Microsoft co-founder Paul Allen's Vulcan Capital has an eye on the spectrum as well. The reasons for Allen's interest could be twofold: Allen, of course, is the chairman of U.S.'s third-largest cable company, Charter Communications (CHTR). And Charter, just like auction participants and cable companies Cox (COX) and Cablevision (CVC), increasingly finds it necessary to offer wireless services along with video and high-speed Internet services. Several cable companies that bid in this auction might eventually band together and offer nationwide coverage.
But Allen, known for his philanthropy, may also be interested in building out a wireless network that offers low-cost wireless connectivity for people who can't afford cell phones today. "This may be a chance to be a benefactor and to be profitable," Doherty says.
Another participant to watch is Guam Cellular & Paging, which provides services in Guam. Since 2006 the company has been owned by the largest Japanese carrier, NTT DoCoMo, which may have bigger plans for the U.S. wireless market than it lets on. DoCoMo may look to provide high-speed wireless data services across the U.S., and Guam may be a starting point for that effort.

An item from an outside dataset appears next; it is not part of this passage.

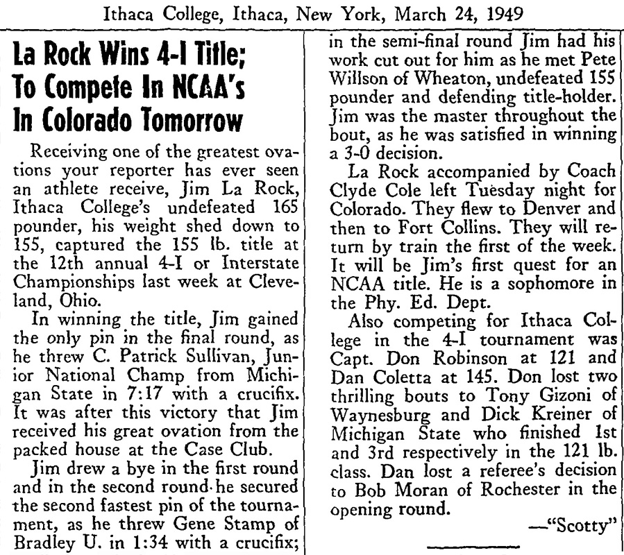 155 James LaRock (IC) > Pat Sullivan (MSU) fall 7:17

Entity Pulse Mobile actually has the backing of TeleGuam, a rural carrier on the island of Guam, where Shamrock Holdings has an investment. Shamrock, headed by Roy Disney, director emeritus of Walt Disney (DIS), also holds a significant investment in Disney, which has dabbled in wireless services, albeit unsuccessfully. Disney Mobile service for kids and their parents closed its doors earlier this year. Perhaps Roy Disney is hoping to figure out how to combine Disney's stellar cartoons, shows, and film content with a mobile service, and is looking to acquire spectrum for that purpose. On the other hand, TeleGuam may simply be looking to improve its coverage. Both TeleGuam and DoCoMo, however, have to find a way around the no-foreign-ownership rule.
Then, of course, there are the potential speculators. Wireless industry veteran Charles Townsend, who sold a chunk of his 700-MHz spectrum to AT&T this summer for about $2.5 billion, is at it again. His Aloha Partners will participate in Auction 73 under the name of Bluewater Wireless. Based on Townsend's track record, he may try to buy a chunk of the spectrum to turn around and sell in a few years. But then, that's what a land grab is all about.